Yahoo Web Page Segmentation: Distinguishing Noise from Information

In a recent interview with Priyank Garg, Director of product management for Yahoo! Search Technology, conducted by Eric Enge, we were told that Yahoo breaks pages down into template sections to distinguish between noisy, or boilerplate content and unique content:

One of the things Yahoo! has done is look for template structures inside sites so that we can recognize the boilerplate pages and understand what they are doing. And as you can expect, a boilerplate page like contact us or an about us is not going to be getting a lot of anchor text from the Web and outside of your site. So there is natural targeting of links to your useful content.

We are also performing detection of templates within your site and the feeling is that that information can help us better recognize valuable links to users. We do that algorithmically, but one of the things we did last year around this time is we launched the robots-NoContent tag, which is a tool that webmasters can use to identify parts of their site that are not unique content for that page or that may not be relevant for the indexing of the page.

If you have ads on a page, or if you have navigation that’s common to the whole site, you could take more control over our efforts to recognize templates by marking those sections with the robots-NoContent tag.
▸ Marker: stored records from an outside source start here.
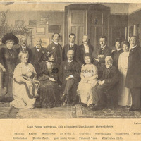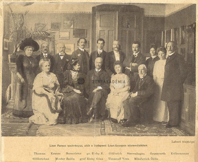 Liszt Ferenc tanítványai, akik az 1911-ben szervezett budapesti Liszt-ünnepen közreműködtek. A növendékek 2 sorban helyezkednek el egy képekkel teleaggatott teremben. Ülnek: (balról jobbra) Göllerichné Voigt Gizella, Sofie Menter, gr. Zichy Géza, Vera Timanova, Mihalovich Ödön. Állnak: ismeretlen kalapos hölgy, Thomán István, Martin Krause, Willy Burmeister, gr. Zichy E., August Göllerich, Bernhard Stavenhagen, Grosscurth, ismeretlen hölgy, Berthold Kellermann. A nyomat alatt a taníványok neve nyomtatásban szerepel. Ugyanott kézirásos bejegyzés: "1911.XI.5."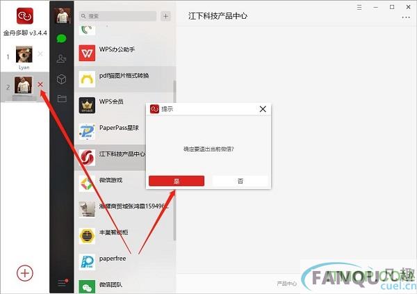 第八步、如果不需要该账号,点击头像右上角的“×”键可立即退出。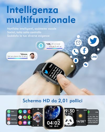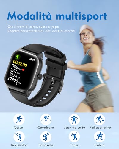 Il punto di forza di questo smartwatch è senza dubbio l'ampio display da 2.01 pollici. La risoluzione di 240x296 pixel, pur non essendo al livello dei top di gamma, garantisce una buona definizione e colori vivaci. La luminosità è regolabile e si dimostra sufficiente per una chiara visualizzazione dei contenuti anche sotto la luce diretta del sole, un aspetto non scontato per i dispositivi di questa categoria. Il touch screen è reattivo e preciso, rendendo piacevole l'interazione con le varie funzioni e notifiche.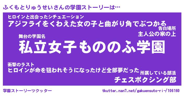 | 番長 | ふくもとりゅうせい、またの名を・・・!『スケバンふくもとりゅうせいさん』 |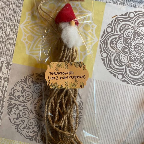 Käsintehty tervatonttu saunaan antamaan tervantuoksua löylyihin. Ei valuta tervaa. 100 % mäntytervaa.

That will be a clear indicator to us that as the webmaster who knows this content, you are telling us this part of the page is not the unique main content of this page and don’t recall this page for those terms.

I’m not completely in agreement with the idea that an “about us” can’t be engaging and informative, and something that people won’t link to. Done right, with things like timelines and narratives, and insights into how an organization has developed, an “about us” page could potentially be one of the most interesting pages on a site.

But the general idea, that sites may contain content that isn’t compelling and informative is true. For instance, copyright notices on a page, or advertisements, or navigational links might be content that a person visiting a page may not want to focus upon the most when seeing that page.

The idea of breaking a page down into parts, or “segmenting” that page is something that we’ve seen before from Microsoft and Google.

A paper that I wrote about from Yahoo in my post Yahoo Research Looks at Templates and Search Engine Indexing explored how Yahoo might look at the features found on a page to see if that page was using a template and to distinguish the “main content” on that page from template type features, such as “site navigation links, sidebars, copyright notices, and timestamps.”

Other features that might be considered “noise,” are eCommerce features such as “people who bought XXXXX also bought YYYYYY” sections of pages and similar content that doesn’t focus upon the main content of a page.

I also wrote about another Yahoo patent filing that discussed the automatic segmentation of web pages in my post Breaking Pages Apart: What Automatic Segmentation of Webpages Might Mean to Design and SEO.

Two patent applications from Yahoo, published earlier this month, take the idea of segmenting content on a web page further, to give us more information about ways that Yahoo might use web page segmentation.

The first one discusses many topics, including how multiple pages on a site might be compared, to see if some segments tend to show up on multiple pages, which could be an indication that those segments are boilerplate – content that may not be the main informational focus of each page.

Site-Specific Information-Type Detection Methods and Systems Invented by Rupesh R. Mehta and Amit Madaan Assigned to Yahoo US Patent Application 20090248707 Published October 1, 2009 Filed: March 25, 2008

Abstract

Methods and systems are provided herein that may allow for pertinent information-type(s) of data to be located or otherwise identified within one or more documents, such as, for example, web page documents associated with one or more websites. For example, exemplary methods and systems are provided that may be used to determine if information may be more likely to be of an “informative” type of information or possibly more likely to be of a “noise” type of information.

The second patent application looks for connections between content nodes (somewhat like Microsoft’s “blocks”) to see if those sections of a page should be contained in the same segments.

Method for Segmenting Webpages Invented by Shanmugasundaram Ravikumar, Deepayan Chakrabarti and Kunal Punera Assigned to Yahoo US Patent Application 20090248608 Published October 1, 2009 Filed March 28, 2008

Abstract

A method of segmenting a webpage into visually and semantically cohesive pieces uses an optimization problem on a weighted graph, where the weights reflect whether two nodes in the webpage’s DOM tree should be placed together or apart in the segmentation; the weights are informed by manually labeled data.

Conclusion

Likely, Google, Yahoo, and Microsoft are all giving different weights to the value of links in different segments of pages, so that a link from the main content area probably carries more weight than a link from a sidebar or a footer section of a page.

It’s also likely that the search engines are attempting to ignore boilerplate segments of pages when they try to determine if pages contain duplicate or near-duplicate content so that their decisions to filter some pages out of search results are based upon the main content of pages rather than duplicated content that may appear in places such as page footers or sidebars.

Is it possible that words on a page contained in the main content area of a page would be considered more important than words that appear in a sidebar or footer or list of recommended similar products by search engines?

We’ve seen enough information about web page segmentation in white papers and patents and interviews from the search engines over the past five or six years so that it should be considered one of the basics of SEO at this point, though the topic often doesn’t show up in popular lists of search engine ranking factors published by some sites. Perhaps it’s time that it should be.